At Corpays, we pride ourselves on being an exceptional employer, offering a dynamic work culture that fosters innovation and collaboration in the heart of London. Our hybrid work model provides flexibility while our commitment to employee growth ensures that you will have ample opportunities to advance your career in data architecture and AI. Join us to be part of a forward-thinking team that values diversity, encourages continuous learning, and is dedicated to making a meaningful impact in the financial services sector.

N Consulting Global

Contact Details:

N Consulting Global Recruitment Team

StudySmarter Expert Advice🤫

We think this is how you could land Data Architect in London

Network Like a Pro

Get out there and connect with people in the industry! Attend meetups, webinars, or conferences related to data architecture. You never know who might have a lead on your dream job or can introduce you to someone who does.

Show Off Your Skills

Create a portfolio showcasing your projects and achievements in data architecture. Whether it's a GitHub repo or a personal website, having tangible evidence of your skills can really set you apart from the competition.

Ace the Interview

Prepare for interviews by brushing up on common data architecture questions and scenarios. Practice explaining complex concepts in simple terms, as you'll need to communicate effectively with both technical and non-technical folks.

Apply Through Us!

Don't forget to check out our website for the latest job openings. Applying directly through us not only gives you a better chance but also keeps you in the loop about any updates or new roles that might pop up!

We think you need these skills to ace Data Architect in London

Data Architecture
AI/ML Workloads
Data Modelling
Canonical Schemas
Integration Patterns
Scalable Data Pipelines
Feature Engineering

Some tips for your application 🫡

Tailor Your CV:Make sure your CV speaks directly to the Data Architect role. Highlight your 10+ years of experience and showcase specific projects that align with our key responsibilities, like designing data architectures for AI/ML workloads.

Craft a Compelling Cover Letter:Your cover letter is your chance to shine! Use it to tell us why you're passionate about data architecture and how your skills can help us at StudySmarter. Don't forget to mention any relevant experience in payment processing or financial services.

Showcase Your Technical Skills:We want to see your technical prowess! Be sure to include your experience with cloud-native data platforms, distributed data processing, and ML Ops practices. This will help us understand how you can contribute to our team.

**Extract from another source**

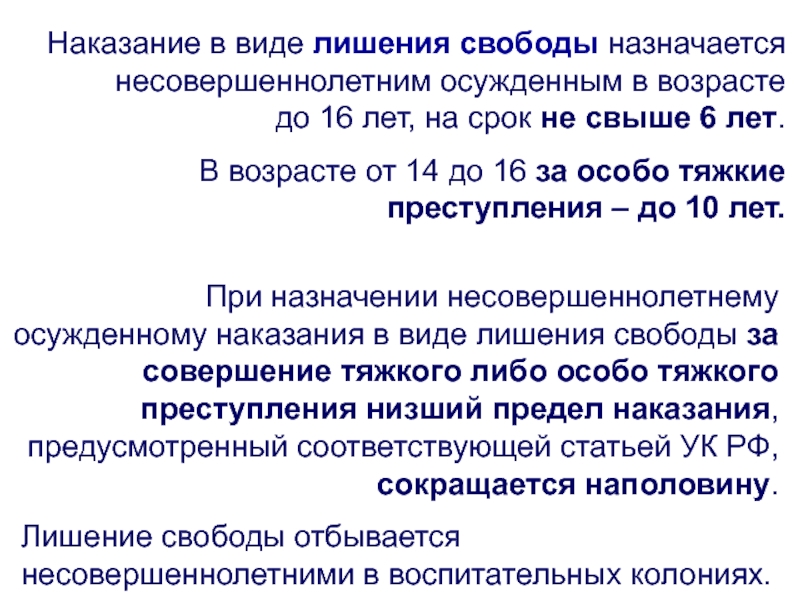 При назначении несовершеннолетнему осужденному наказания в виде лишения свободы за совершение тяжкого либо особо тяжкого преступления низший предел наказания, предусмотренный соответствующей статьей УК РФ, сокращается наполовину.

Apply Through Our Website:We encourage you to apply through our website for a smoother application process. It helps us keep track of your application and ensures you don’t miss out on any important updates from us!

How to prepare for a job interview at N Consulting Global

Know Your Data Architecture Inside Out

Make sure you’re well-versed in the latest trends and technologies in data architecture, especially those relevant to AI/ML workloads. Brush up on your knowledge of cloud-native platforms like AWS, and be ready to discuss how you've designed scalable data pipelines in the past.

Showcase Your Collaboration Skills

Since this role involves working closely with Data Science teams and software engineers, prepare examples that highlight your ability to collaborate effectively. Think about times when you’ve successfully partnered with different teams to achieve a common goal, especially in the context of data governance and quality.

Prepare for Technical Questions

Expect to dive deep into technical discussions during your interview. Be ready to explain your experience with distributed data processing, streaming platforms, and ML Ops practices. Practise articulating complex concepts in a way that’s understandable to non-technical stakeholders.

Demonstrate Your Understanding of Compliance

Given the importance of security and regulatory controls in this role, brush up on PCI, GDPR, and financial services data standards. Be prepared to discuss how you’ve ensured compliance in previous projects and how you would approach data governance in this new role.